Все так же недоверчиво вдова Менделя изучила мандат, подтверждающий права «товарища Самарина» «на проведение следственных и оперативных работ в правовых рамках Оценочно-антикварной комиссии», и уже с откровенным любопытством в глазах уставилась на гостя.

– Чего ж мы тогда на пороге стоим? Проходите, пожалуйста. Может, и я смогу вам чем-нибудь помочь. – И уже закрывая дверь на засов, представилась: – Ванда, распространенное польское имя, хотя мама еврейка, в Варшаве живет.

– А меня Аскольдом нарекли. Истинно славянское, но весьма редкое имя.

И они, как бы сбрасывая последний барьер взаимной настороженности, засмеялись, поднимаясь по красивой дубовой лестнице на второй этаж.

Комнаты второго этажа, как и думал Самарин, были отданы в свое время прислуге, но уже год, как в доме куковала тишина, и супруги Мендель теснились в трех комнатах, из которых по причине строжайшей экономии дров одна была закрыта на ключ, а две другие отданы под спальню и гостиную, в которой еще при жизни владельца Торгового дома засиживались гости. Сейчас же, как призналась Самарину вдова, гости в доме стали величайшей редкостью, и она оставила себе только спальню с кухней, которая постепенно превратилась и в столовую.

«Всё, как и положено быть», – подвел черту Самарин и, попросив разрешения снять пальто, разделся в прихожей.

Когда прошел в просторную, залитую февральским солнцем комнату, где вдова успела навести хоть какой-то порядок, сбросив в шкаф свои вещи, невольно порадовался тому жилому духу, что держался в этом доме. Здесь, так же, как и в его квартире, стояла вместительная буржуйка из легированной стали, однако, в отличие от его печурки, эта была обложена огнеупорным кирпичом, который и сохранял тепло. Неподалеку от буржуйки возвышалась поленница березовых дров, закрытая от посторонних глаз японской ширмой с огромными красными цветками по шелковому полю. Подобную роскошь – сделанную на заказ буржуйку и заготовленные на зиму березовые дрова – мог себе позволить только очень богатый человек, каковым и оставался до последнего момента Моисей Мендель.

Но что более всего поразило Самарина в комнате, которую Ванда называла спальней, так это мольберт напротив окна и несколько десятков картин маслом, которыми были заставлены стулья, диваны и пуфы.
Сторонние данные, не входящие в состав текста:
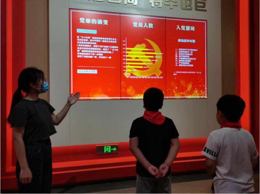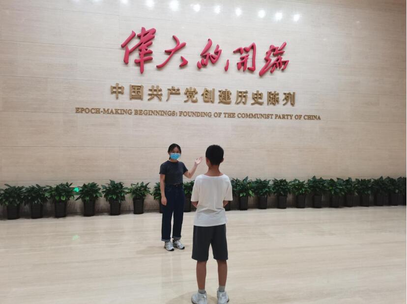 宣讲队队员在参观的同时向其他游客介绍着波澜壮阔的百年风华,透过介绍文字,循着时间脉络,感慨于苦难深重的旧中国,一代代仁人志士的奋斗与牺牲,由此更清晰地感悟:为什么只有中国共产党才能救中国!

Пейзажи весеннего и летнего Петербурга, натюрморты и великое множество карандашных набросков самых разных по своей сословной принадлежности людей, глаза которых встречали и провожали тебя из всех углов одновременно.
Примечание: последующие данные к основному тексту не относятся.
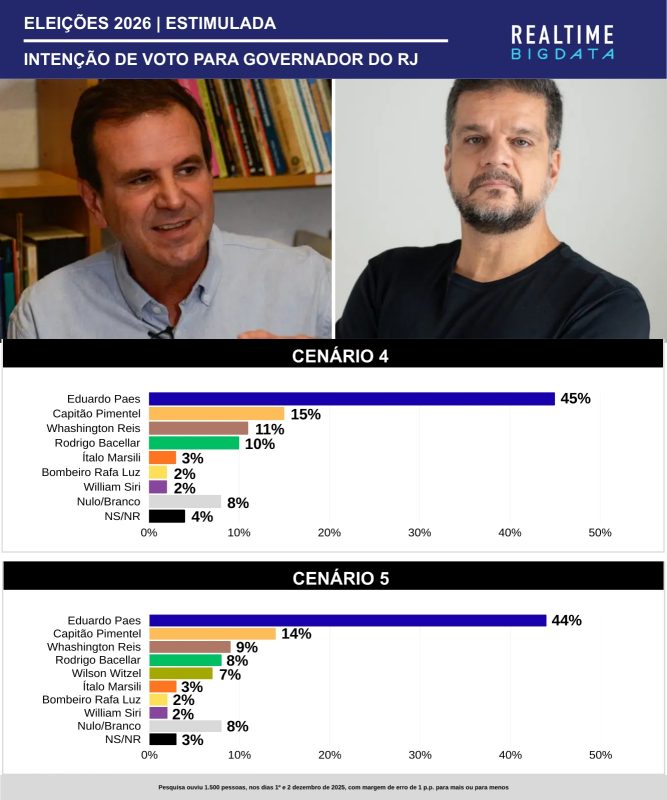 Nos cinco cenários estimulados da Big Data, com margem de erro de 3 pontos para mais ou menos, Paes variou entre 55% a 44% de intenção de voto a governador. Os dois únicos cenários em que ele não liquidaria a fatura no 1º turno têm o mesmo fator comum: o ex-capitão do Bope Rodrigo Pimentel (sem partido) foi colocado em ambos como pré-candidato.

Явно насладившись тем впечатлением, которое произвели на гостя картины, и словно забыв о том, зачем в ее доме появился этот человек, Ванда спросила, как о чем-то само собой разумеющемся:

– Понравилось?

– Очень!

– Ну, насчет «очень» это вы сильно подсластили, но в общем-то я и сама чувствую, что кое-что неплохо получилось.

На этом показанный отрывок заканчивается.